Israel economy shrinks for first time in more than 5 years

Growth for all of 2014 is projected at 2.2 percent, with Israel's 50-day war in July and August having shaved off about half a percentage point.

Finance Minister Yair Lapid (photo credit: MARC ISRAEL SELLEM/THE JERUSALEM POST)
Finance Minister Yair Lapid
(photo credit: MARC ISRAEL SELLEM/THE JERUSALEM POST)
Israel’s economy shrank an annualized, seasonally adjusted 0.4 percent in the third quarter of the year, according to Central Bureau of Statistics data released on Sunday.
The economic pullback reflects financial damage from Operation Protective Edge against Hamas in the Gaza Strip, which raged through more than half the period covered in the data. It was the first quarterly decline in the nation’s GDP since 2009 during the global financial crisis.
The 50-day war, which saw a steady stream of Hamas rockets fired at Israeli communities, came as the economy was already slowing On Sunday, the estimate for second-quarter growth, which had been registered at an anemic 1.7% annual rate, was revised upward to 2.2%, and first-quarter growth was revised up from 2.5% to 3.2%.
The war badly hurt incoming tourism. Israel was set to have a record year in tourism, but is now projected to register a 7% drop in foreign tourists.
In October, for example, 19% fewer visitors came to Israel in comparison with the same month the previous year.

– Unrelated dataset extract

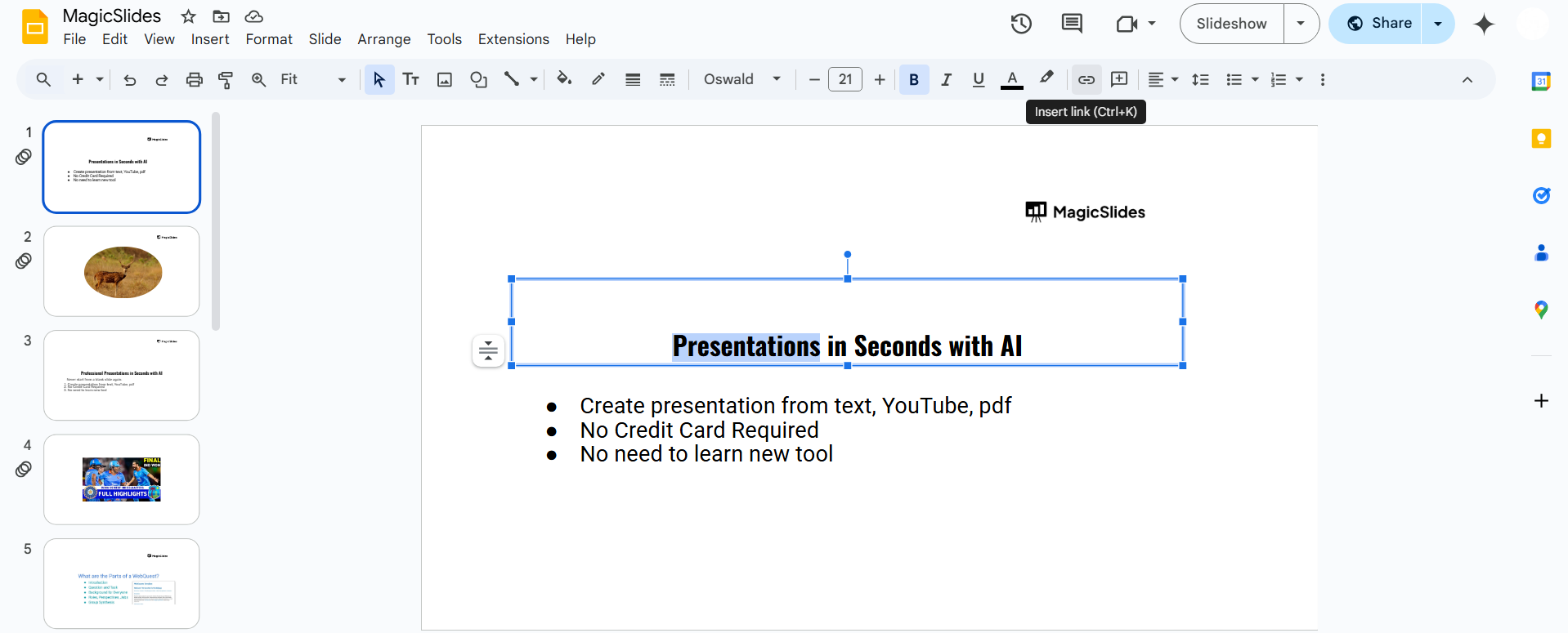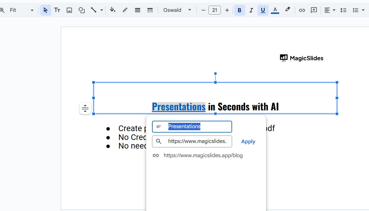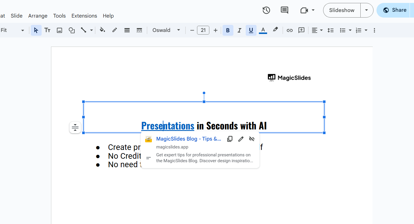 Adding links improves navigation in Google Slides, but if you need a smarter way to create fully structured slides, check out MagicSlides.app AI-generated presentations in just a few clicks!

According to the CBS, the GDP drop reflected a decline in fixed capital formation, but both private spending and government spending increased.

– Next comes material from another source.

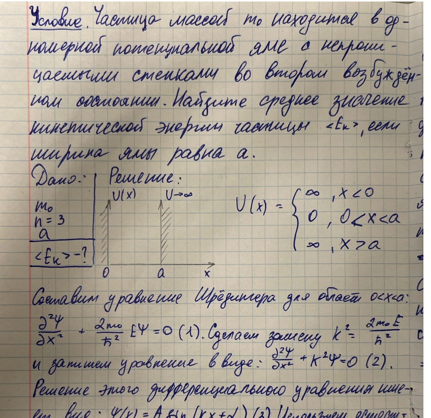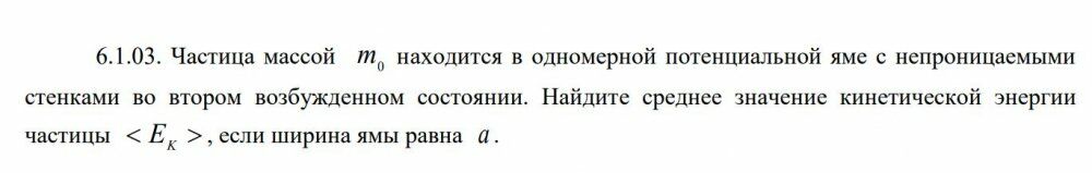 6.1.03. Частица массой m0 находится в одномерной потенциальной яме с непроницаемыми стенками во втором возбужденном состоянии. Найдите среднее значение кинетической энергии частицы  EK  , если ширина ямы равна a .

The Finance Ministry said the damage from the campaign was not expected to be long-term, and that it still expects economic growth of 2.4% this year and 2.8% next year.
In its November interest rate discussion, the Bank of Israel Monetary Committee anticipated a drop in third-quarter activity, but concluded that “most of the slowdown in activity derives from Operation Protective Edge.”

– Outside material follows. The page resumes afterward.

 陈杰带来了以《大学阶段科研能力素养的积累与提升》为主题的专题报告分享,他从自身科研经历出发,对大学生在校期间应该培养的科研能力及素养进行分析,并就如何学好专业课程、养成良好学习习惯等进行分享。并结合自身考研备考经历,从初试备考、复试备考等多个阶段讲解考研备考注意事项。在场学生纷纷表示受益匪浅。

The central bank has pursued an aggressive monetary policy in recent months, leaving the interest rate at a record low of 0.25% in an attempt to spur economic growth, keep the shekel from strengthening, and return inflation to its target.
On Friday, CBS figures showed that the average inflation rate over the past year had fallen for the second month in a row, though the monthly inflation rate was just barely above zero, at 0.3%.
The bank’s target for inflation is between 1% and 3% for the year.
BoI Gov. Karnit Flug has said the bank would consider “other tools,” a possible reference to quantitative easing policies of the sort employed by the US Federal Reserve for six years following the financial crisis.
The next interest rate decision is due next Monday.
Given the fighting and the slowdown in construction starts, the negative growth was no surprise, according to Ofer Klein, head of the economics and research division at Harel Finance. In fact, he noted there was also positive news in the data.
“Despite the weak figures, as expected, the previous quarters were adjusted upward, and the makeup of growth in the third quarter surprised us for the better,” he said. Though fixed capital formation and investment in residential buildings continued to fall, consumer demand looked healthy, as did trade in goods and services.
The latter would be boosted by the shekel’s weakening after a stubborn strong-streak that hit exporters, he said.
Opposition leader MK Isaac Herzog (Labor) blamed Prime Minister Benjamin Netanyahu for the economic contraction.
“Today, it became clear that the same economic growth he sold to the Israeli public for a long time does not exist,” Herzog said. “Netanyahu’s economic method is a colossal failure that hurts the vast majority of Israel’s citizens.”
His party colleague MK Shelly Yacimovich went a step further, saying that the economic news could not be blamed on the war alone.
“For more than a year there has already been a trend of moderation in the economy and the current budget will only worsen the trend,” she said, referring to Finance Minister Yair Lapid’s 2015 budget proposal making its way through the Knesset.
Lapid absorbed criticism from within the coalition as well.
Likud MK Yuval Steinitz, who preceded Lapid in the Finance portfolio, wrote in a Facebook post: It “hurt me to see how we’ve deteriorated in two years alone, from the first place in per capita growth and other parameters.”
If the trend continued, he warned, unemployment would rise and all of Israel’s citizens could be hurt.